Scottish Labour must look outward to win elections and “change people’s lives”, leader Anas Sarwar has said.
Speaking at the party’s conference in Glasgow, he looked ahead to the next general election and May’s local authority vote as he urged the party to change its mindset.
Scottish Labour has been in decline in recent years, going from a coalition in administration at Holyrood before 2007 to third in the polls since 2016 behind the Tories.
But Sarwar has sought to reignite the party’s fortunes, stressing Labour is not simply a “debating society”.
He told delegates: “We don’t come to events like this just to talk about the issues we care about.
“We don’t change people’s lives by just debating the big issues.
“We only actually get to deliver on our values, only get to implement our ideas, and only get to change people’s lives if we win.
“We won’t win by talking to ourselves, about ourselves, or living off our past.
“I was 14 years old when we won (the general election) in 1997.
“Our children’s generation are not going to ask us why we created the NHS, they will ask how we saved it and made if fit for the future.
“They won’t praise us for halving child poverty, they will ask what we did to eradicate it.
“To win again we must embrace and own the future, not the past.

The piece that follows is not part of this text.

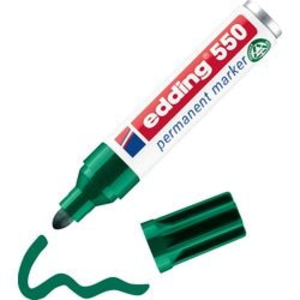 Edding Permanente marker 550. Geurarme, sneldrogende inkt, lichtbestendig, vlekbestendig en waterdicht. Verwisselbare plastic schrijfpunt. Tip en dop in schrijfkleur. Hervulbaar met opsommingsteken. Lijnbreedte: 3- 4 mm. inkt Kleur: groen.

“We must focus on what we will achieve when we return to government.”
He concluded: “To win again, we must change again.”
Sarwar went on to stress the importance of activists engaging with, and persuading, voters of other parties to bring Labour back to power.
“We will not win if we only seek to speak to those who already vote for us,” he said.
“We have to speak to those who may be thinking about voting SNP, Tory, Lib Dem or Green and show them that we have changed, and prove to them that we are worthy of their support.
“That is how we build the future and win again.”
In an attempt to differentiate Labour from other parties in Scotland and the wider UK, Mr Sarwar said his party should “stop doing politics the way our opponents do it”.
He added: “Pitting Scot against Scot, Yes against No, Remain against Leave, Holyrood against Westminster.
“An obsession with the politics of the past, with no real answers for the future.
“That approach is out of touch, and they are out of ideas.
“The best hope, the only hope, of building the future Scotland deserves is the Labour Party.”
Both the Scottish and UK Governments, Mr Sarwar said, “want to force you to pick as side”.
He added: “Well, the Labour Party I lead will always be on your side.”
In a speech that stretched to almost an hour, the Scottish Labour leader announced two new policy proposals: free personal care for every Scot over the age of 65, and a Bill to be lodged at Holyrood that would create an “independent public advocate” who could act on behalf of families of people who died in public scandals.